DETAILED DESCRIPTION

[0029]Aspects of the present disclosure provide apparatuses, methods, processing systems, and computer-readable mediums for adjusting resources of pods running in clusters of nodes. The methods and systems described herein incrementally adjust allocation of resources, such as CPU and memory, to the pods in response to changes in the workloads of the containers running in the pods. The methods and systems collect resource utilization metrics and resource configuration of the pods and generate a recommendation for scaling up or down the resources based on the resource utilization metrics and resource configuration information. The recommendation is recorded in a pod specification. For each update of the pods, the deployment controller checks the pod specification for changes in resource allocation and creates new pods in accordance with the recommendations. The new pods run the same containers as old pods created under the previous pod specification. The previous or old pods are subsequently deleted to avoid downtime after the new pods are deployed. The process of updating the allocation of resources and generating a recommendation can be repeated prior to each update of the pods to ensure that the pods are running with an up to date allocation of resources based on changing demands for resources.

[0030]Typical platforms for managing containerized workloads have been developed for adjusting the amount of CPU and memory available to containers. However, the adjustments are based on historical demand for resources. For example, a typical container management platform adjusts the amount of resources available to containers based on a historical demand for resources that is closest to the current demand for resources, which creates the problem of under provisioning resources or the problem of over provisioning resources to the container.

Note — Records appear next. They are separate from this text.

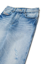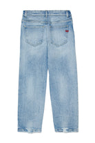 Regular fit jeans in light denim with a wrinkled effect and distressed details.
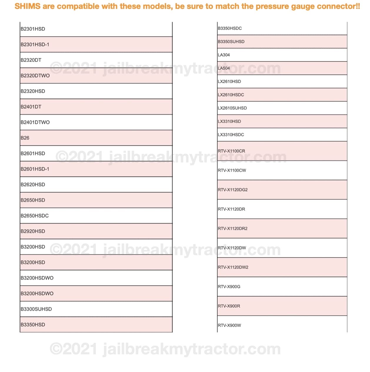 Kubota Increase Hydraulic Pressure Adjustment Shims for Kubota BX B L MX +25% Power
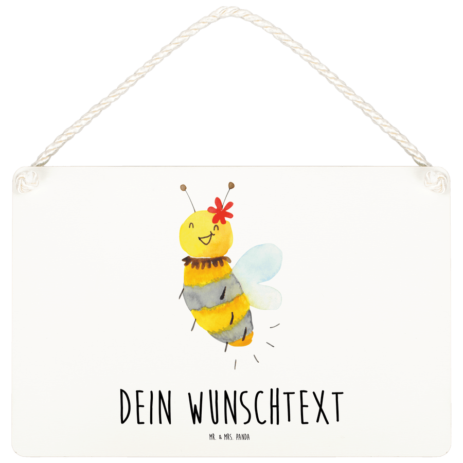 Personalisiertes Deko Schild Biene Blume - DIN A6 - Weiß
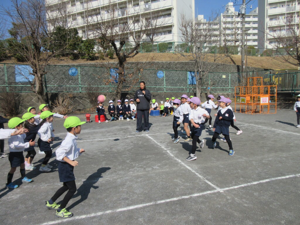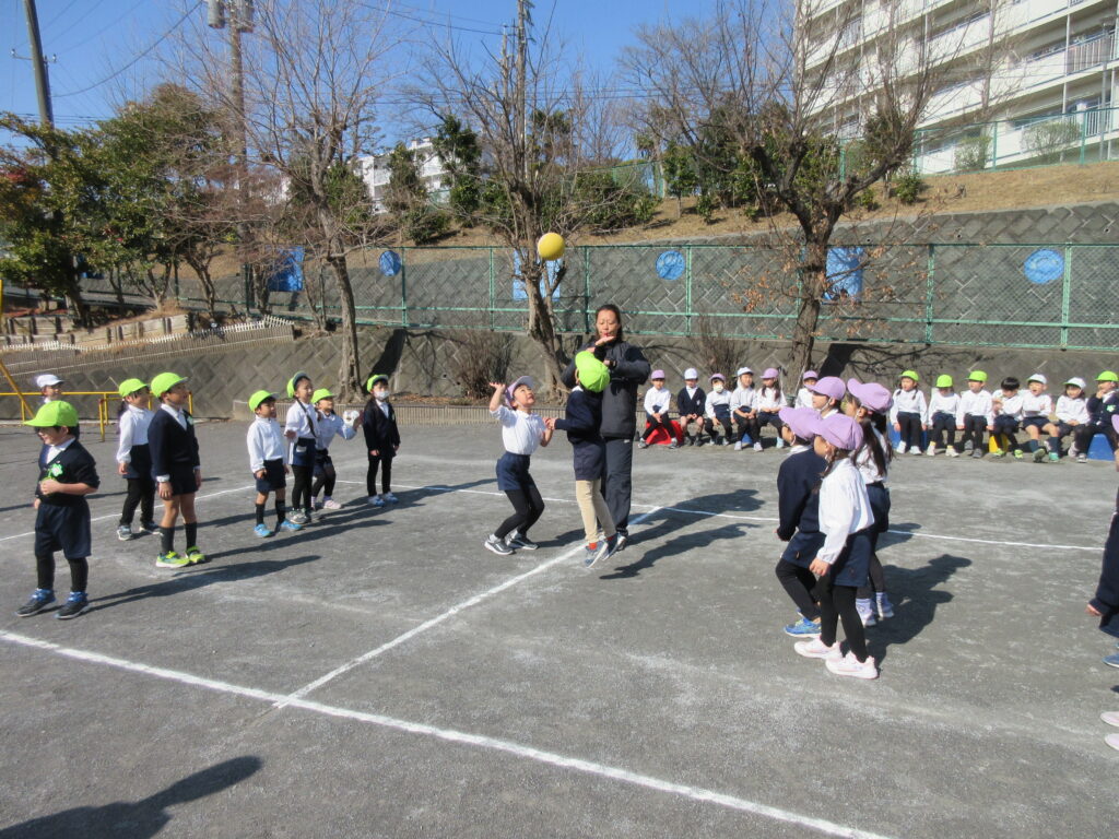 ふじ組、うめ組でドッジボールをしました。
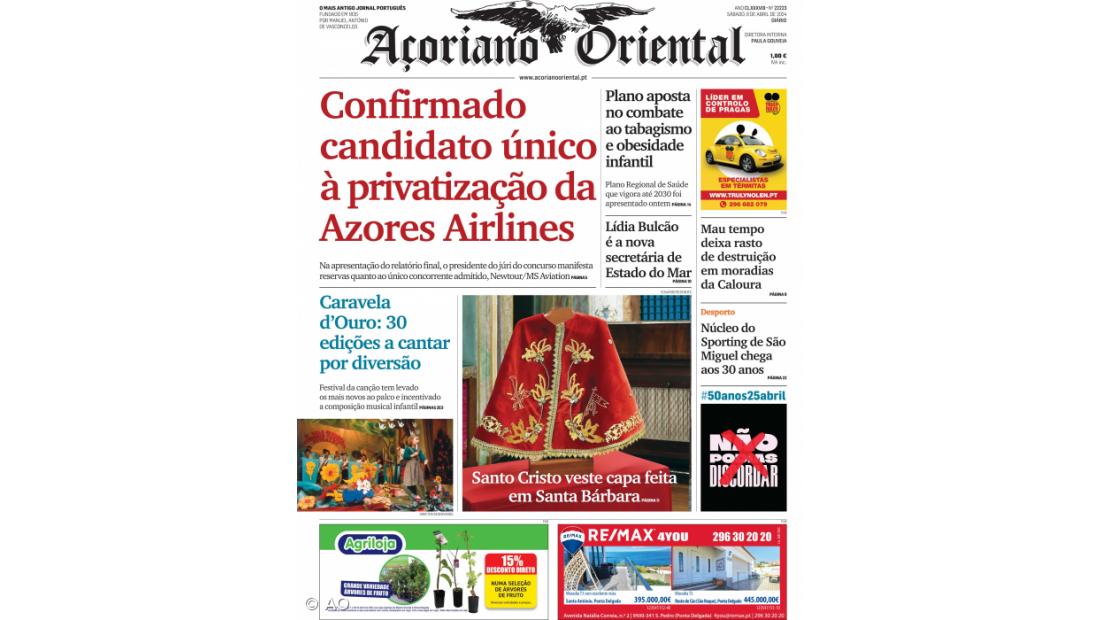 O relatório final do júri do concurso para a privatização da Azores Airlines está em destaque no Açoriano Oriental de sábado, 6 de abril de 2024.
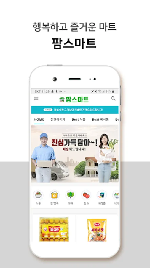 Enjoy the various benefits of Palm Smart Sannae, Palm Smart Unjeong, and Palms Foods Mart Haengsin with your smartphone.

[0031]To overcome the disadvantages of relying on historical demand for resources, embodiments described herein perform an incremental adjustment to the allocation of resources to individual pods during pod updates in response to changing workloads of the containers running in the pods. As the demand for resources increase, embodiments described have the advantage of incrementally scaling up the allocation of resources to pods to match an increasing demand for resources. On the other hand, as the demand for resources decreases, the allocation of resources can be scaled down again to match a decreased demand for resources and avoid resource wastage.

[0032]Embodiments described herein avoid the problems of over provisioning or under provisioning resources because the allocations are not determined by prior unrelated allocations of resources that do not match or approximate the current demand for resources of containerized workloads.

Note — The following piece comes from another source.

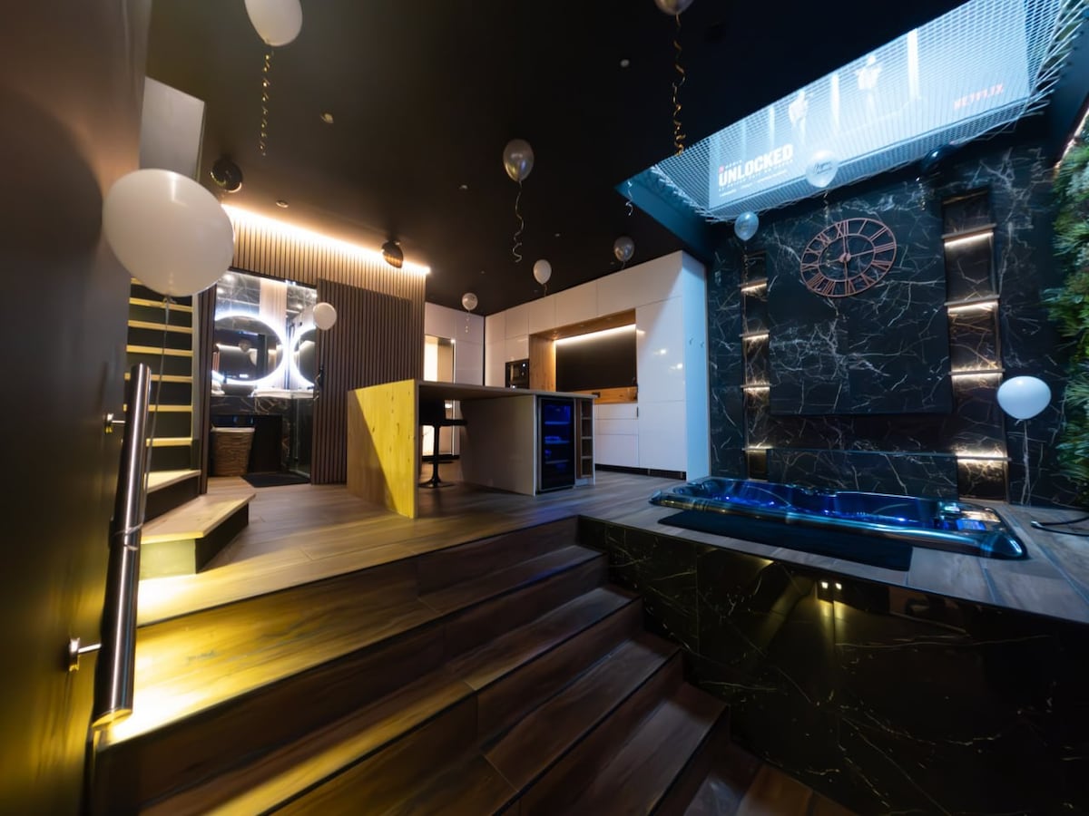 Découvrez le confort ultime dans notre appartement de 80m2, situé entre le Louvre Lens et le stade de Lens. Profitez d'un jacuzzi 2 places avec 95 jets, d'une TV OLED 4K de 165cm. La cuisine équipée. La salle de bain offre une douche italienne, des toilettes suspendues, un miroir LED anti-buée et un sèche-serviette. La chambre dispose d'un grand lit 180x200cm un filet suspendu de 10m2 avec une toile 260cm d'un canapé, d'une table basse, et d'une machine Nespresso un vidéoprojecteur UHD 4K HDR

Example Implementation of a Method for Adjusting CPU and Memory Usage of Pods in a Cluster of Nodes

[0033]FIG. 1 depicts an example of containers running in pods on a computer system 100. The computer system 100 is an example of a node that includes a hardware layer 102 composed of processors, memory, storage, and network interfaces, such as a high speed network interface card. The computer system 100 includes an OS layer 104 that manages computer hardware, software resources, and provides services for computer programs executing on the computer system 100. A container management platform 106 is a server application for containerizing software and applications. In this example, software or microservices, denoted by “App,” are run separately in containers that are, in turn, run in pods identified as “Pod 1,” “Pod 2,” and “Pod 3.” Each pod runs one or more containers with shared CPU, memory, storage and network resources according to a pod specification that includes a request for resources that the pod can use to execute the workload. For example, Pod 1 runs an App 108 in a container identified as Container 1 and another App 110 in a container identified as Container 2. The App 108 and App 110 share a fixed amount of CPU, memory, and storage assigned to Pod 1 according to a pod specification. The container management platform 106 manages the pods and does not manage the containers directly.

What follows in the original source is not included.